El lunes y el martes son ya días de transición, a caballo entre la despedida de Guatemala y el regreso a España.
El lunes, después de desayunar, bajo al muelle para tomar la lancha pública hacia Panajachel, donde debo coger el "shuttle" que me llevará de regreso a Antigua. La lancha llega atestada de gente. Soy, aparentemente, el único extranjero y al lanchero no le debo de caer demasiado en gracia. Por supuesto, para no perder tiempo, no se molesta en acercar del todo la lancha al muelle, obligándome a saltar. Antes, colocamos mi mochila en el techo de la lancha, mientras me grita que me dé prisa. Me acomodo en la parte delantera, medio en cuclillas. Cuando llegamos a Santa Cruz, toda la prisa que había conmigo se convierte en relajación. Una de las chicas guatemaltecas que sube a la lancha le dice que viene otra persona, a la que ni siquiera se divisa, y esperamos varios minutos hasta que aparece. Cuando lo hace, llega caminando con parsimonia, sin que el lanchero le diga absolutamente nada. Será que se le han pasado ya las prisas... Luego, volvemos al muelle de Santa Cruz, después de zarpar, hasta en cuatro ocasiones, cada vez que ve que se acerca un potencial pasajero, o que alguno de los ocupantes de la lancha le dice que viene alguien. Cuando llegamos a Panajachel, el chico que ayuda al lanchero, tampoco precisamente demasiado amable, me pide 25 quetzales por el viaje.
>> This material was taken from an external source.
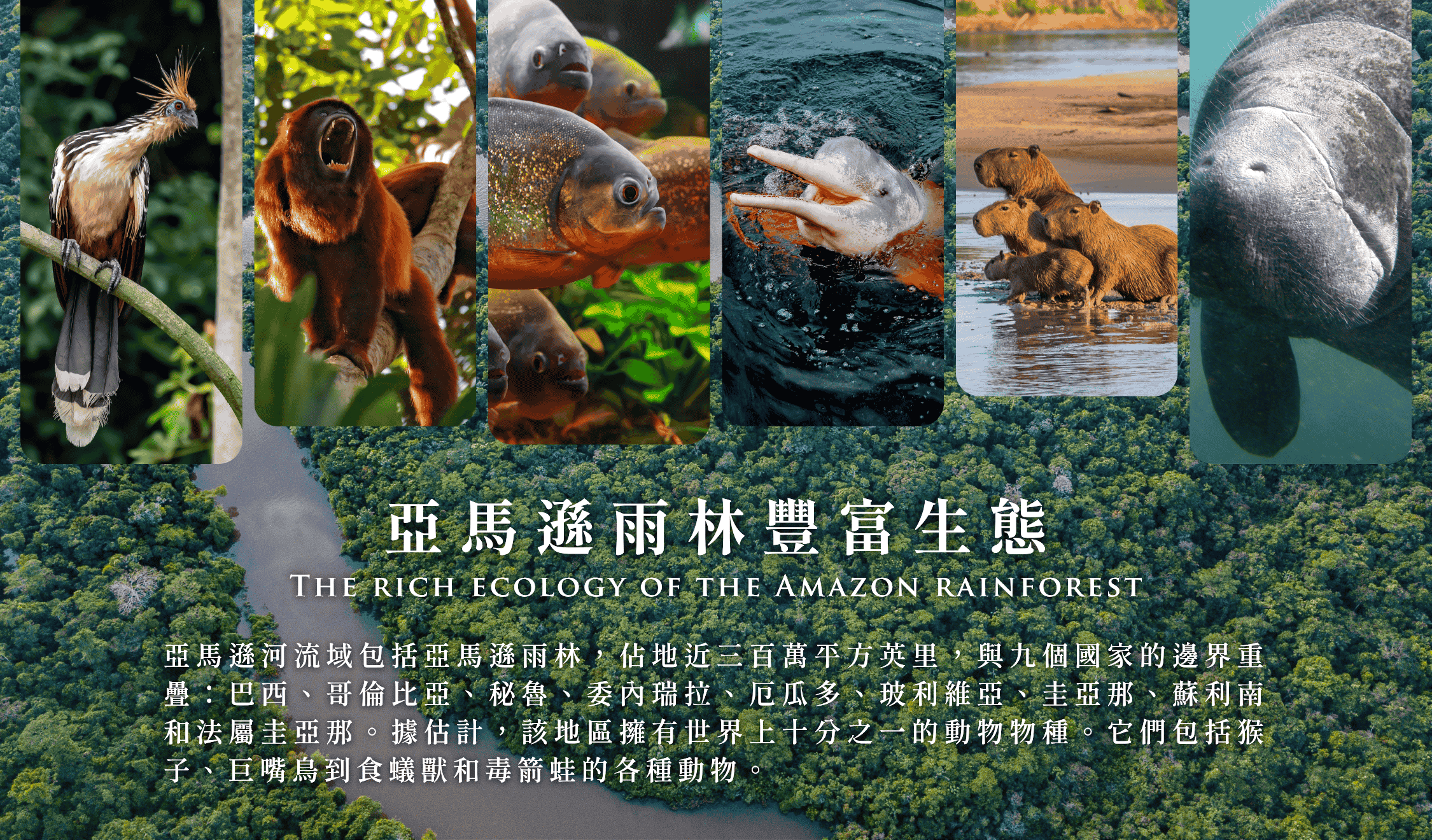 亞馬遜河流域包括亞馬遜雨林,佔地近三百萬平方英里,與九個國家的邊界重疊:巴西、哥倫比亞、秘魯、委內瑞拉、厄瓜多、玻利維亞、圭亞那、蘇利南和法屬圭亞那。據估計,該地區擁有世界上十分之一的動物物種。它們包括從猴子、巨嘴鳥到食蟻獸和毒箭蛙的各種動物。

Le digo que lo habitual son 20 (para extranjeros, a quienes ya nos cobran ocho o diez veces más que a los locales) y me señala al patrón, diciendo que es él quien quiere cobrarme 25. Le respondo que no me parece bien, pero aunque me cabrea lo dejo correr, pues no me merece la pena la discusión en este caso, siendo ya el último viaje en lancha, por una cantidad tan nimia, incluso desde sus propios estándares.
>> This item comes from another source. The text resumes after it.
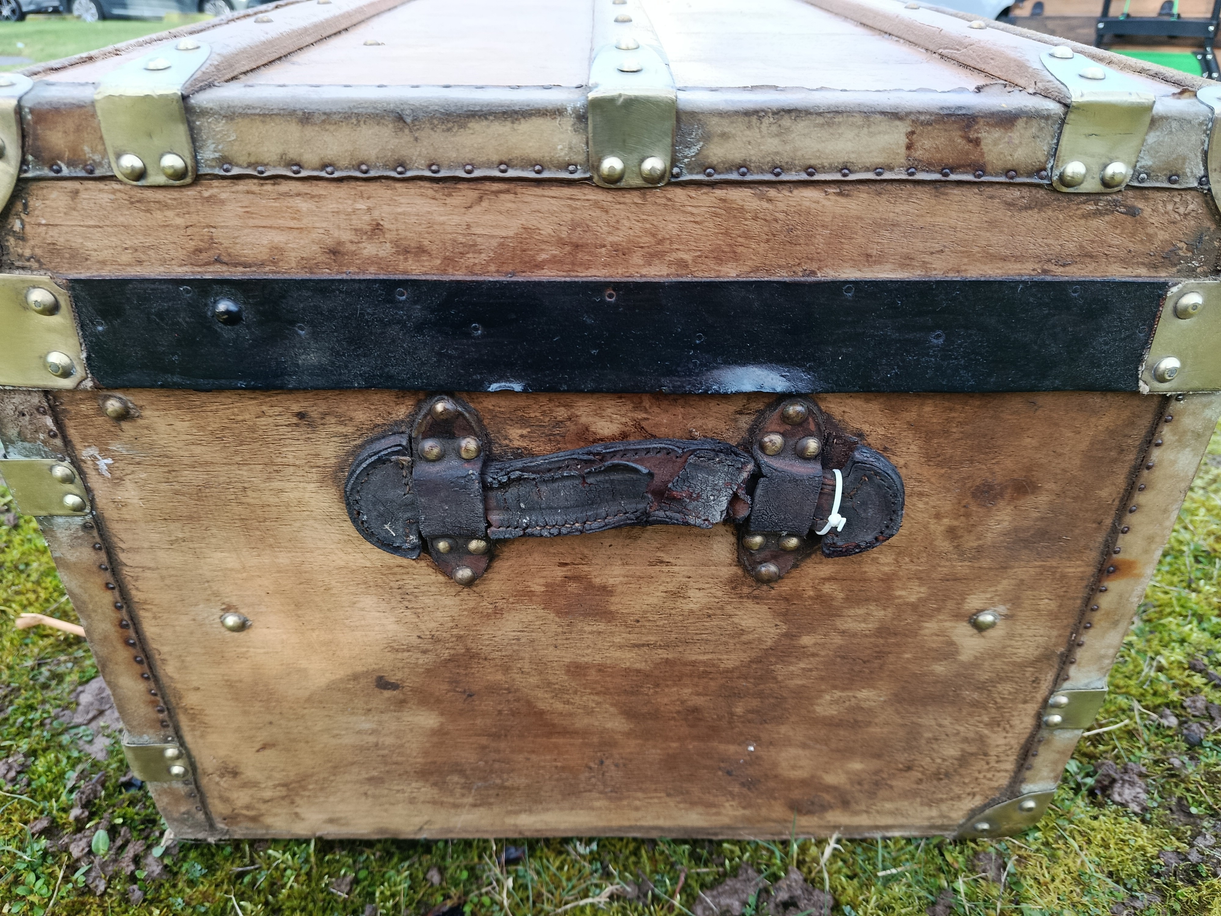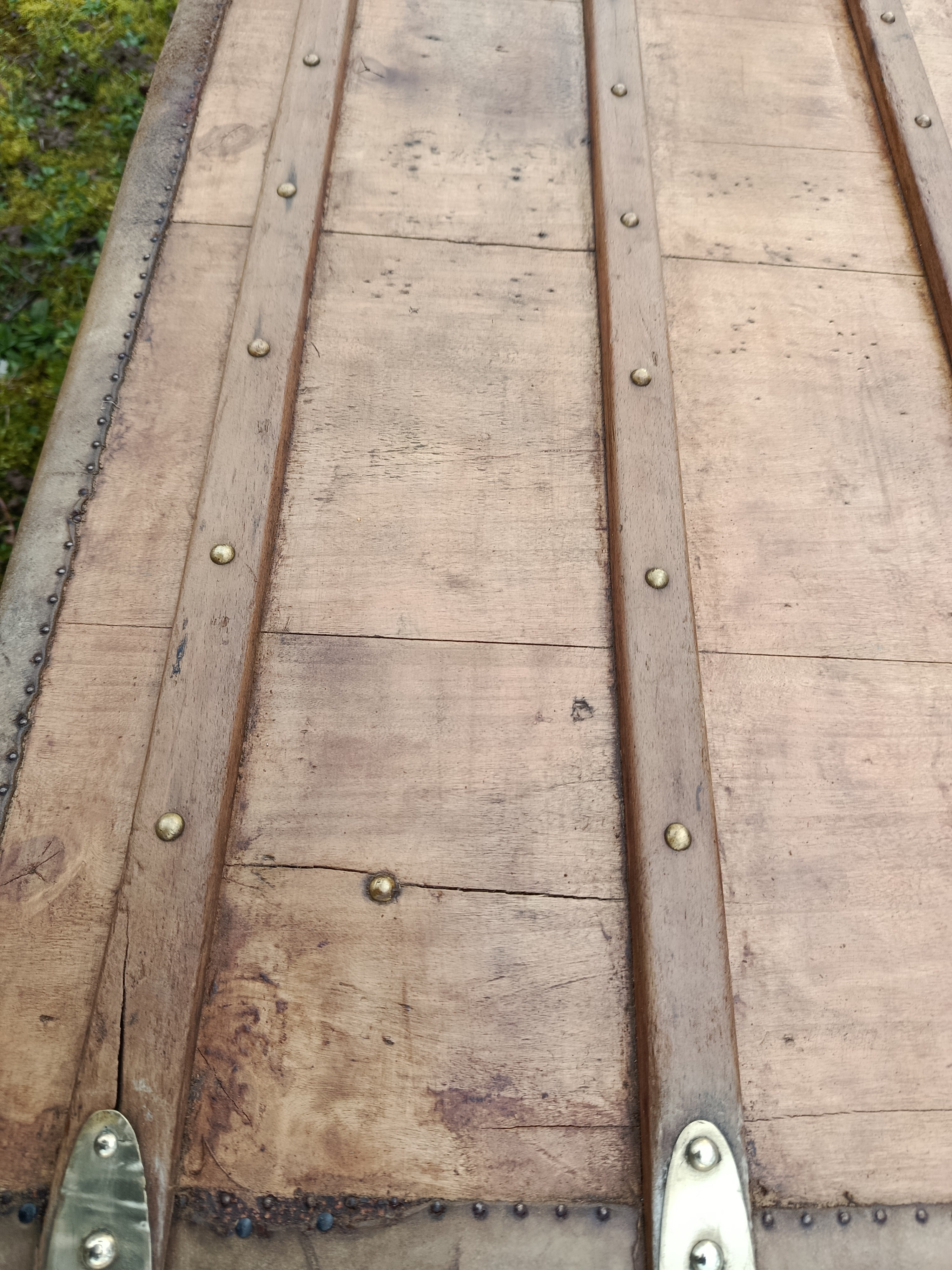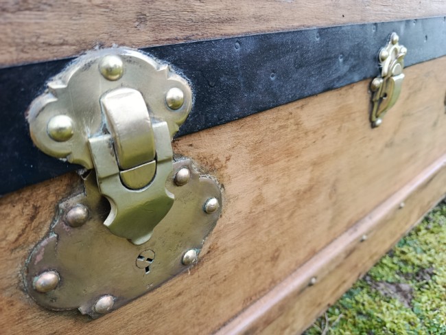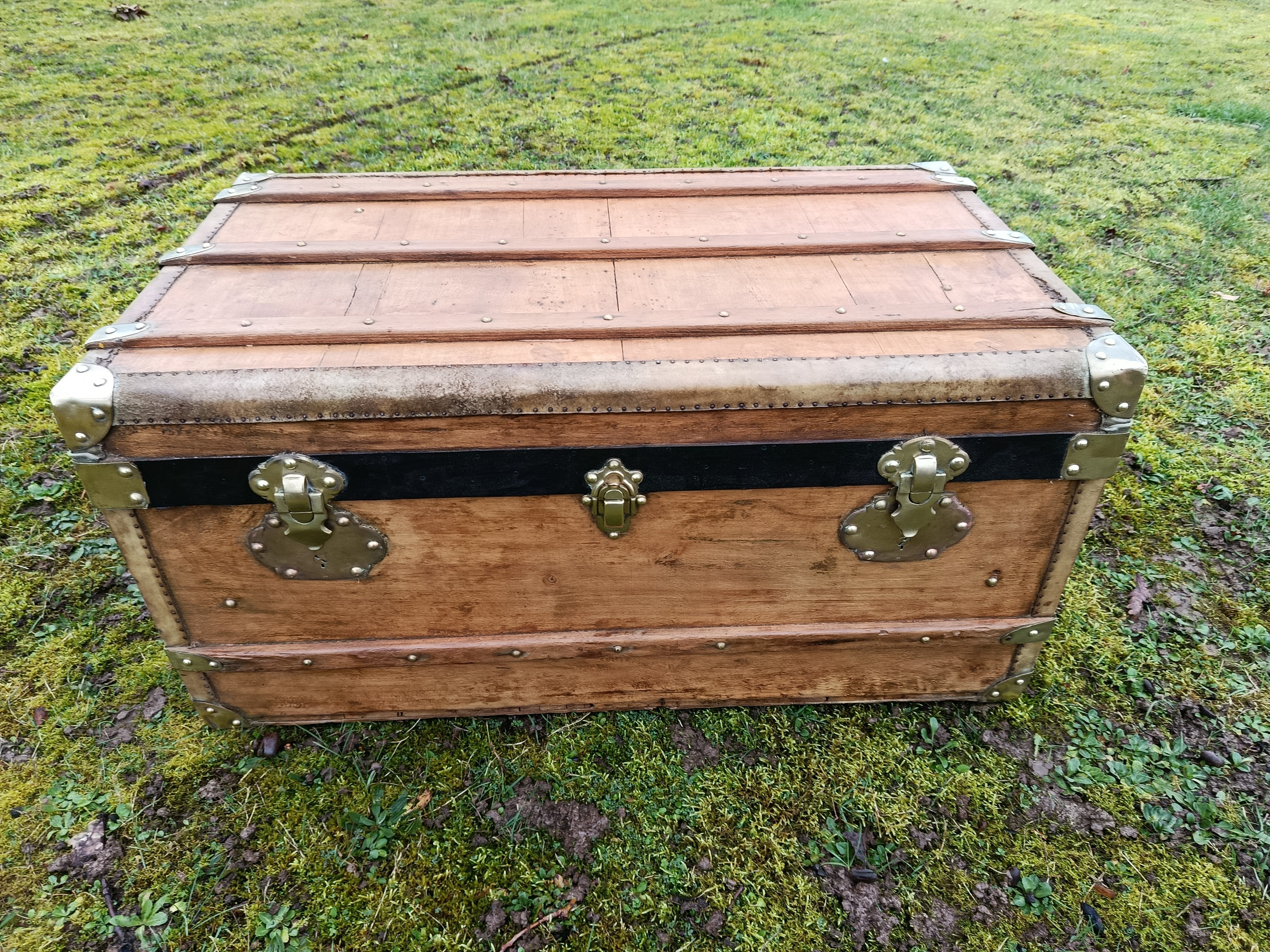 Malle transatlantique fin 19ème - belle restauration- bois clair vernis et traité - les cornières sont en peau et la structure en peuplier massif - bijouterie et fermoirs en laiton - cette malle a connu les grands voyages transatlantiques sur les paquebots de prestige tels que le Normandie - l'intérieur a été customisé avec des vrais vieux journaux de 1940 "Les ailes" - superbe - toutes les pièces sont d'origine - cornières en peau - Idéale pour faire un bout de lit - malle à chaussures - bar ou table basse

Espero en el muelle de Pana algo más de una hora hasta que llega el "shuttle", que me deja junto a mi hotel: Casa Cristina. En esta ocasión, había reservado una habitación en la tercera planta, con ventanas al exterior y vistas al volcán. También es algo más grande, aunque después de alojarme en la primera planta los primeros días, en un habitación interior, no me habría molestado ya en pagar los 15 dólares de diferencia.
Como unos montaditos cerca del hotel y regreso para preparar el equipaje. Encajar todo resulta una tarea ardua, porque llevo demasiadas cosas. Dejé varios kilos de margen al salir de España, pero las compras pesan, y ocupan, mucho.Creo, en todo caso, a juzgar por el peso que me da la báscula portátil que llevo, que me ajustaré, por los pelos, a los límites de peso. Por si acaso, dejo en la parte baja de la mochila un par de líquidos de los que puedo deshacerme, llegado el caso, si me pasara un poco del peso autorizado. Si con esto no bastara, me tocaría pagar sobrepeso.
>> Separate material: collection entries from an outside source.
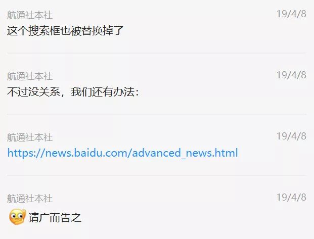 5 月 3 日,这一“高级搜索”页面也被干掉,老版“新闻搜索”只能通过手动添加搜索引擎代码的方式继续使用。
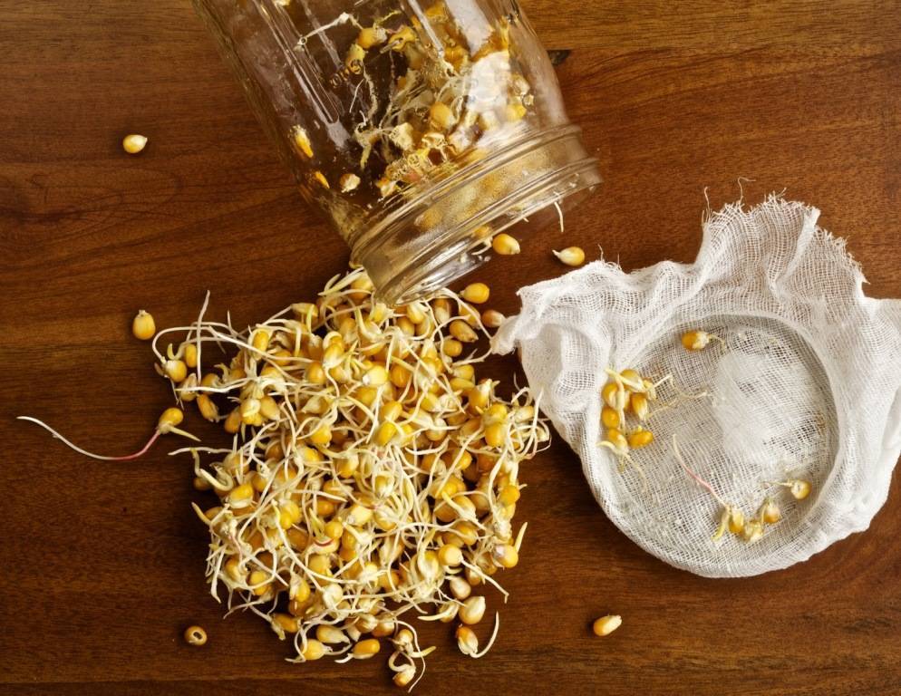 Также можно прорастить семена кукурузы. Процедура значительно ускоряет появление всходов, а также помогает сразу выявить нежизнеспособные семена (они просто не прорастут и сеять их не нужно). Для проращивания нужно положить семена на ватные диски или хлопчатобумажную ткань, накрыть этим же материалом, увлажнить и положить в полиэтиленовый пакет, завязать, оставив воздух. После этого нужно положить пакет в теплое место (около 24-26 градусов тепла). Как правило, для прорастания требуется 2-3 суток. Экземпляры, которые не проросли за 3-4 дня можно отбраковать. При этом при проращивании нужно каждый день проверять их, если появилась плесень, нужно сразу промыть и поместить на новую ткань.
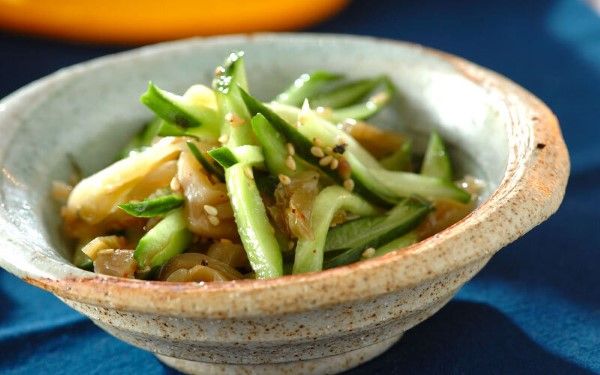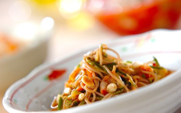 韓国で主流なドングリ粉を練り込んだ麺(冷麺用もしくは冷麺用中華)を使う、アレンジ小鉢です。糸こんにゃくに似た弾力があり、キムチとキュウリのシャキシャキ食感がいいアクセントに。お酒のおつまみにも◎です。

Por la tarde-noche, después de ver anochecer en la azotea, salgo a un cibercafé a imprimir la tarjeta de embarque y cenar algo. Aunque ha sido un día de no andar mucho, estoy sorprendentemente cansado, por lo que a las diez estoy ya en la cama.
Duermo un número de horas más que prudente y bajo a la recepción a coger un café y un par de bollos de cortesía. Quiero reservar los quetzales que me quedan para el aeropuerto, para no tener que sacar más dinero. Doy cuenta del desayuno en la azotea, acompañado de los restos de un trozo de tarta de zanahoria y un batido de fresa que compré anoche. Después, bajo a ducharme, afeitarme, cargar los aparatos electrónicos para el viaje y cerrar el equipaje. A las doce y media me recogen en un "shuttle" para salir hacia el aeropuerto.